Subscribe
About

More IP Connect cuts coming

Nicola Mawson
By Nicola Mawson, Contributor.
Johannesburg, 01 Aug 2013
The effect of more IP Connect cuts depends on how big they are, says MWeb ISP CEO Derek Hershaw.
The effect of more IP Connect cuts depends on how big they are, says MWeb ISP CEO Derek Hershaw.

Telkom has confirmed the cost of IP Connect, one of the biggest cost drivers for Internet service providers (ISPs), will come down.

However, the telco has not indicated by how much this charge will be reduced. It says the reduction in the price of its wholesale IP Connect (IPC) service will be reduced as part of the Competition Commission settlement.

"Telkom will implement price reductions as per timelines agreed with the Competition Commission, namely within the 2014, 2015 and 2016 financial years. In each instance, Telkom will directly notify the ISPs of such price reductions."

The reduction follows a 30% cut in PC costs last April. IPC has been cited as an inhibitor to growing broadband in SA as ISPs argue the cost is inflated and limits competition.

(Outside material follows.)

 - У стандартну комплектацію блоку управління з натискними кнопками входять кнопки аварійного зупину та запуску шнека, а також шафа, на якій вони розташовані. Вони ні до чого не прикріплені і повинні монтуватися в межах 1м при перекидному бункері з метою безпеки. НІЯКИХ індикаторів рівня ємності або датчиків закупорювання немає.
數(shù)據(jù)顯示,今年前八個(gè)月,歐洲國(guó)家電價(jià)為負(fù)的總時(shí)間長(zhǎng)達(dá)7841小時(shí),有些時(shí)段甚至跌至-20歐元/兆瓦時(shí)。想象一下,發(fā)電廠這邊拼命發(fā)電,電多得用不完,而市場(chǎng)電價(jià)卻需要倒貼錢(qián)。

Telkom's settlement with the commission moots a functional separation of Telkom into a wholesale and retail arm, and the payment of an administrative fine of R200 million in three tranches. As part of the agreement, the telco will implement wholesale and retail pricing commitments for the next five years that should yield R875 million in savings.

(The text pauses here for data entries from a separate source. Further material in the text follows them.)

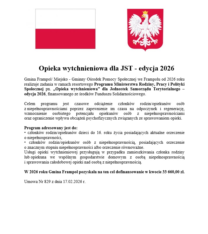 Obowiązek informacyjny dotyczący programu opieka wytchnieniowa dla JST – edycja 2026
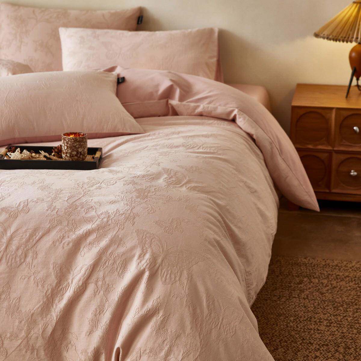 水洗提花全棉磨毛四件套舒适秋冬季保暖加厚纯棉蝴蝶被套床单床笠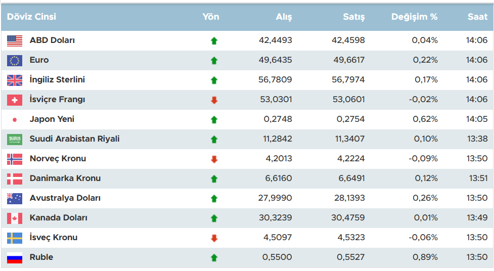 Daha geniş bir perspektiften bakıldığında, Suudi Arabistan Riyali/TRY saat 09:32'de alış 11,2725 TL ve satış 11,3290 TL ile değişim göstermedi. Norveç Kronu/TRY ise saat 09:38 itibarıyla alış 4,2005 TL, satış 4,2215 TL ve yüzde 0,11'lik bir gerileme kaydetti. Danimarka Kronu/TRY de aynı saatte alış 6,6016 TL, satış 6,6347 TL ile yüzde 0,09 düşüşteydi. Avustralya Doları/TRY alış 27,9502 TL ve satış 28,0903 TL ile yüzde 0,08 yükselirken, Kanada Doları/TRY alış 30,2831 TL, satış 30,4349 TL ve yüzde 0,13 geriledi. İsveç Kronu/TRY alış 4,5056 TL, satış 4,5282 TL ile yüzde 0,15'lik bir kayıp yaşadı. Ruble/TRY ise saat 14:06'da alış 0,5483 TL, satış 0,5510 TL ve yüzde 0,58'lik en belirgin artışlardan birini gösterdi. Bu veriler, bölgesel ekonomik dinamiklerin döviz kurlarına nasıl yansıdığını ortaya koyuyor ve uzun vadeli stratejiler için temel oluşturuyor.

The settlement follows five complaints lodged between June 2005 and July 2007, by several ISPs and the Internet Service Providers' Association (ISPA). The commission determined Telkom was squeezing margins and acting in an anti-competitive manner.

Dependant on size

Derek Hershaw, MWeb ISP CEO, says the effect on the industry depends on the size of the cuts. He says, if fixed-line broadband is going to stay relevant in a market that is increasingly dominated by mobile broadband, a few things have to happen.

These include that the cost of data must continue to come down, which requires double-digit IPC cuts, and speeds must improve, says Hershaw. He adds that the cost of the access line also has to decrease.

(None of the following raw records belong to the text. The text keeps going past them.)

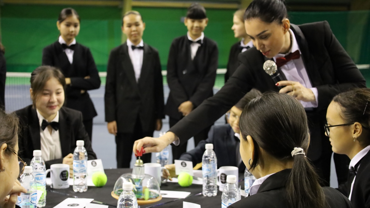 "Знаете ли вы, где Елена Рыбакина выиграла свой первый титул? Сколько Больших шлемов выиграл Джокович? Не знаете? А юные воспитанники теннисного центра города Атырау – знают!" – отмечается в сообщении.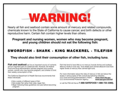 | Sign warning fish consumers about the risks of mercury from California. Source: http://www.electricbluefishing.com/eb_sub_menu/mercury_in_fish__shellfish.htm |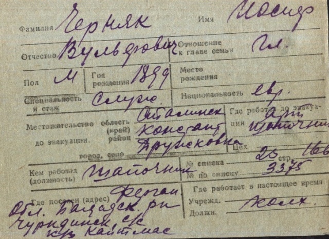 Iosif Chernyak was born, 1899 to Vulf. Prior to WWII he lived in Druzhkovka, Ukraine (USSR). During the war he was in Uzbekistan (USSR). Iosif was registered following the evacuation/ in the interior of the Soviet Union.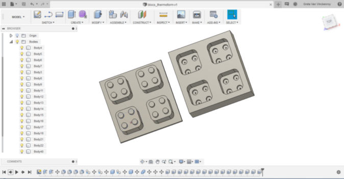 I decided to reuse the molds made for the mold and casting assignment, and to adapt them to this thermoforming process. Redesign is done in Fusion360: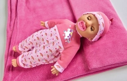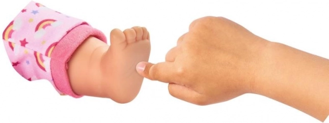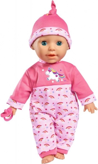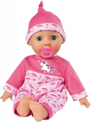 Această păpușă vine într-un frumos costumaș roz cu motiv de unicorn și modele curcubee, care cu siguranță va încânta fiecare copil.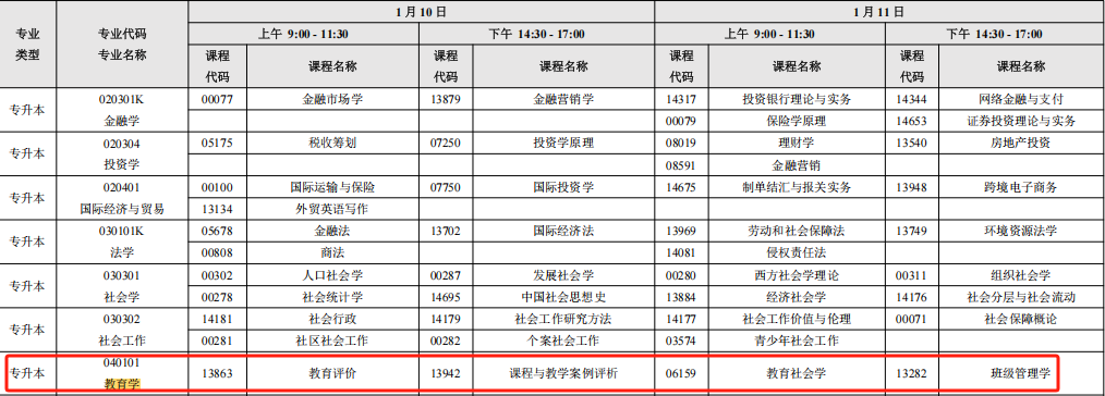 上午 9:00-11:30:00456 教育科学研究方法、00458 中小学教育管理

Telkom has agreed to trim the price of wholesale services in areas such as undersea cable international lines, national high bandwidth transmission lines, access to ADSL lines via the IP Connect service and Diginet leased-line access, as well as related retail products, Telkom's VPN Supreme and Internet Access.

IPC, the wholesale product through which third-party ISPs connect to Telkom's network, is responsible for the bulk of ISPs' costs to deliver Internet services to customers. According to ISPA, this can be up to 70% of the total costs involved.

The product is used by existing ISPs to provide Internet services to small and medium enterprises, residences and businesses. "The cost of the IP Connect product is the single largest cost component faced by competing ISPs in providing choice to the end-user for fixed-line ADSL services," the Independent Communications Authority of SA has said.

Telkom's price reductions, as a result of the settlement, are weighted more heavily in favour of wholesale services, at a minimum of 70%, to bring about a more competitive market, says the commission in its statement. Telkom will also ensure any price reductions are not reversed in the 2017 and 2018 financial years.

Telkom has admitted that, during the complaint period, first-tier ISPs had to use Telkom's services to build or gain access to backbone networks, but that the pricing charged by Telkom was higher than it charged its own retail arm.